Well I have to admit, those jackrabbits were a little on the skinny side.  I don't think I would pay for a hunting trip for them.  But, in a survival situation I'll take all I can get.

----------


## Rick

Don't you guys carry a pressure cooker with you? Nice and tender!

----------


## Ole WV Coot

Tried one once, chipped a tooth but a little goes a long long way.

----------


## BraggSurvivor

In the late spring I take the .22 or .410 and pop a couple young cottontails. I salt and marinate in pure honey overnight and deep fry in oil the next day. 

Another way is plain old vegetable barley soup with boiled rabbit meat. 

Making me hungry............ :Smile:

----------


## canid

don't get me started on the pressure cooker. what can't you do with one of those. the only problem is deciding between the 8qt and the 18qt.

the jack rabbits around here spook verry easily, and they will sometimes bound away a good 50 yards for no clear reason. they are almost the only hare we have around. luckily, they're plentiful.

what i don't get is why so many people are shy of 'gamy' game and stringy texture. i mean, we eat jerky don't we? pheasant and vennison? i guess i just love the taste of meat. especially when i'm hungry.

----------


## crashdive123

Ha!  I ain't skeerd of nutin!

Guests can not see images in the messages. Please register in the forum.

----------


## Gray Wolf

> these jack rabbits.  If approached slowly you can get very close to them without spooking them at all.

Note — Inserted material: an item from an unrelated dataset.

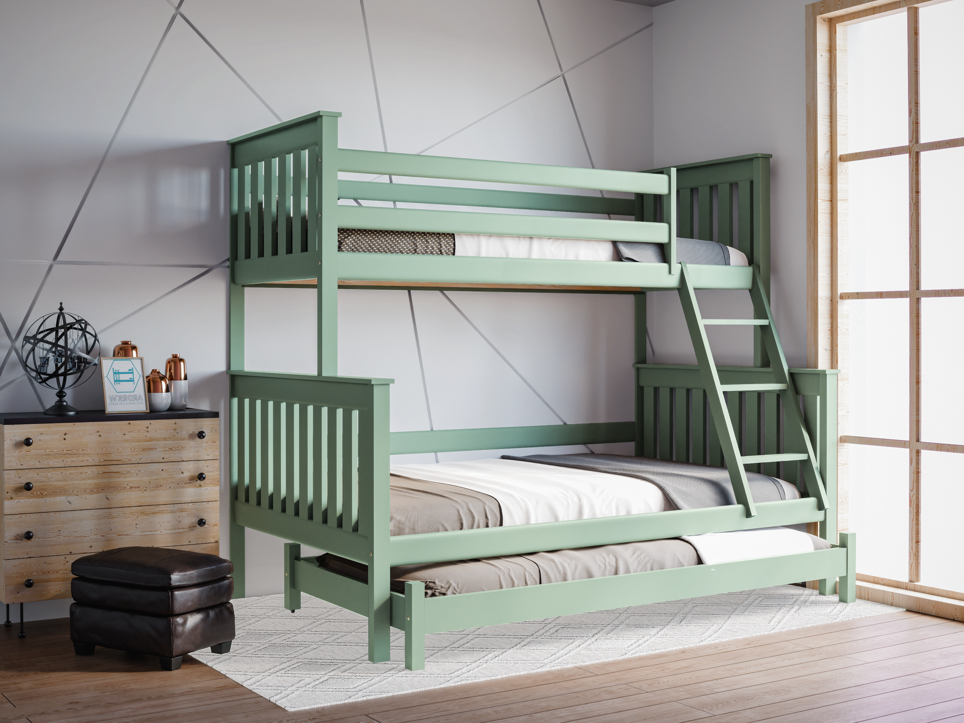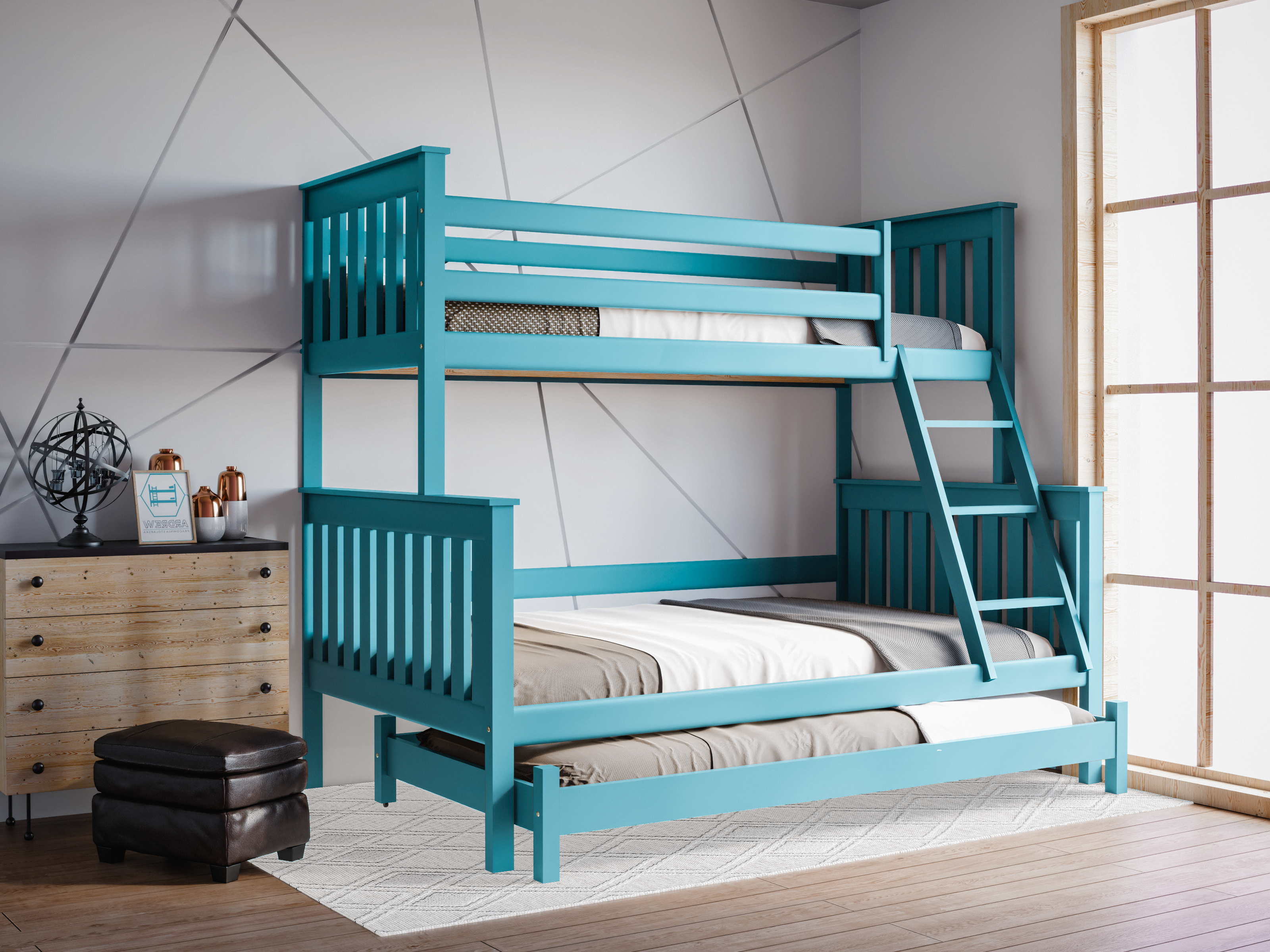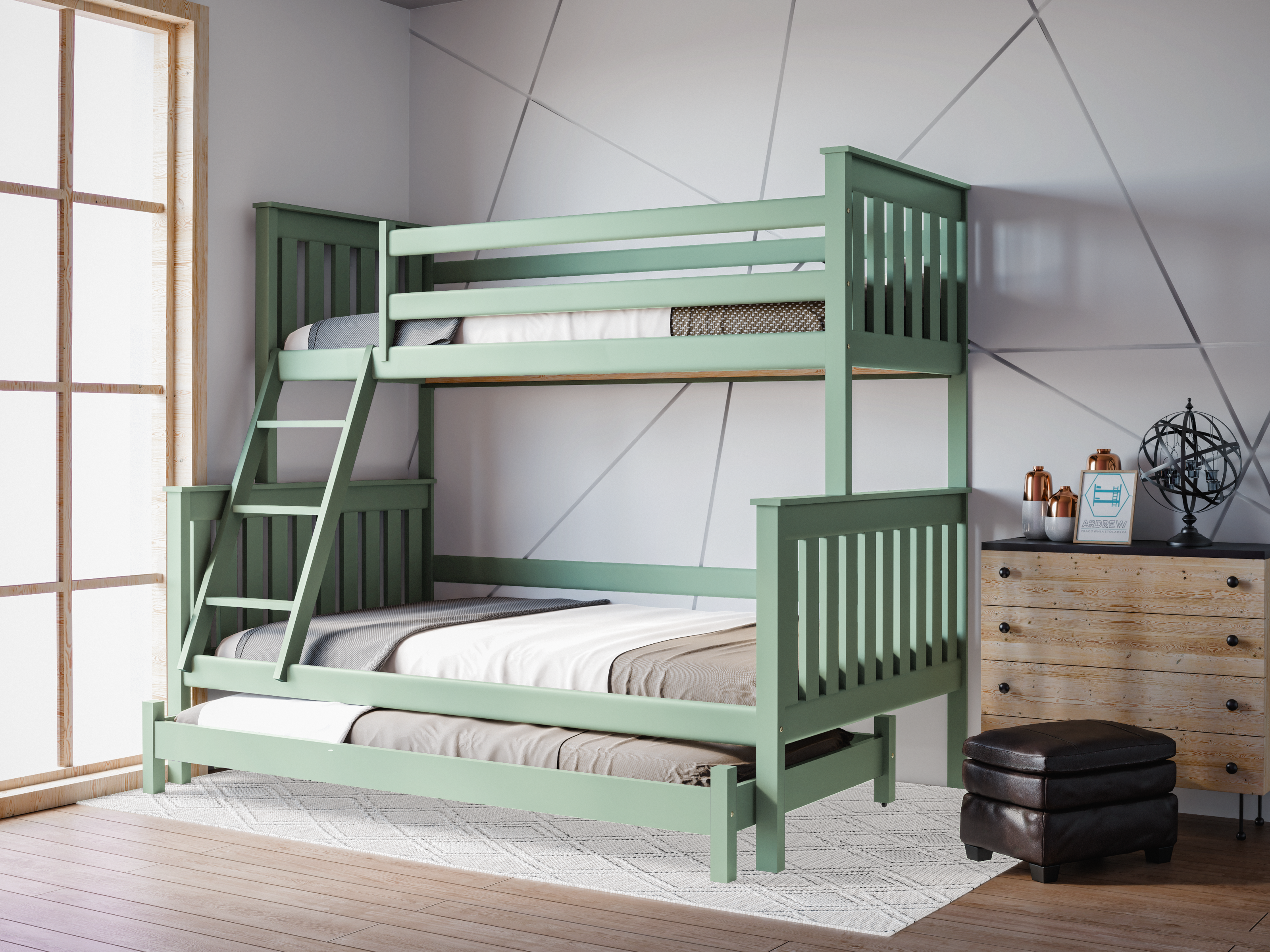 - łóżko 3-osobowe z dodatkowym wysuwanym miejscem do spania dla czwartej osoby

pgv, did you take a good look at that rabbits eyes!  :EEK!:

----------


## crashdive123

Zombie rabbits?

----------


## Gray Wolf

I don't need no stinkin gun for Zombie rabbits, I'll get that sponge!!

----------


## Rick

I like mine fried, thank you. Just like chicken (the frying part, not the taste.).

----------


## Beo

I have eatn more rabbit than I can remember, personally I like them cooked over an open fire or boil them in a pot for several hours till the meat just falls off the bones and pitch in some potatoes, carrots, peas, onions, radishes, and rice and have a good stew. Mmmm Mmmm Good.
As PGVOutdoors said here in Ohio they tend to run in short bursts, and cliping one after the first sprint is easiest, in Kentucky and Tennessee they kinda do the same and taste the same too. Most I have found here are pretty full bodied same as Kentucky and Tennessee.
Beo,

----------


## Ole WV Coot

Everything eaten in this area is fried. We don't have cholesterol problems, keeps the veins & arteries well lubricated.

----------


## Beo

Yeah I don't do the whole non fat thing, I eat what I want, red meat, cheese and so on, my grandpap drank, smoked, ate fried foods, cheese, and just about everything else. He lived to be 89 and died of a tumor not caused by any of that stuff.
As Remy said, Live Everyday Like Its Your Last Battle. Those words are so true.

----------


## smokelessfire

crash, thanx, that jackelope pic is now my desktop background. i have a question for all, my friends are partially self-sufficient, and eat rabbit alot, but they told me they dont eat them until after the first frost, because supposedly they have a liver disease or something, and that after the first frost it dies or goes away. this really sounds absurd to me, considering my cousins from kentucky raise rabbits for food and eat them year round. any advice?

----------


## Beo

I live in Ohio and eat rabbit from here, Kentucky, Tennessee, Indiana, and have eat'n them from the east coast in NY State, Mass, and Conn. and been fine, most times I boil it though and make a good stew. Does sound dumb to me though.

----------


## BraggSurvivor

Anyone here eatin muskrat? Same texture and flavor to me.

----------


## Beo

No and i'm telling the Captain & Tennille,  you can't eat Muskrat you love them...
Ohhhh Muskrat Luuuuuu... uuuuuve!!!

Muskrat, muskrat candlelight 
Doin' the town and doin' it right 
In the evenin' 
It's pretty pleasin' 

Muskrat Susie, Muskrat Sam 
Do the jitterbug out in muskrat land 
And they shimmy 
And Sammy's so skinny 

And they whirled and they twirled and they tangoed 
Singin' and jingin' the jango 
Floatin' like the heavens above 
It looks like muskrat love 

Nibbling on bacon, chewin' on cheese 
Sammy says to Susie "Honey, would you please be my missus?" 
And she say yes 
With her kisses 

And now he's ticklin' her fancy 
Rubbin' her toes 
Muzzle to muzzle, now anything goes 
As they wriggle, and Sue starts to giggle 

And they whirled and they twirled and they tangoed 
Singin' and jingin' the jango 
Floatin' like the heavens above 
It looks like muskrat love 

La da da da da ... 

How frig'n gay is that  :Big Grin:  (Not that there's anything wrong with man to man love'n, although I find it sick and nasty)

----------


## canid

around here we have a lot of tularemia [in the animal populations, it's still rare as heck in humans]. the disease is actually named for the nearby tulare county. this disease, rabies and a few others tend to infect mammal populations, particularly of social species, as they become dense and the contact paterns between individuals and groups overlap, and either inhibit normal feeding behavior or the ability to accumulate subcutanaeous fat [eg. chronic wasting disease in deer]. these infected aminals tend to die during the cold season.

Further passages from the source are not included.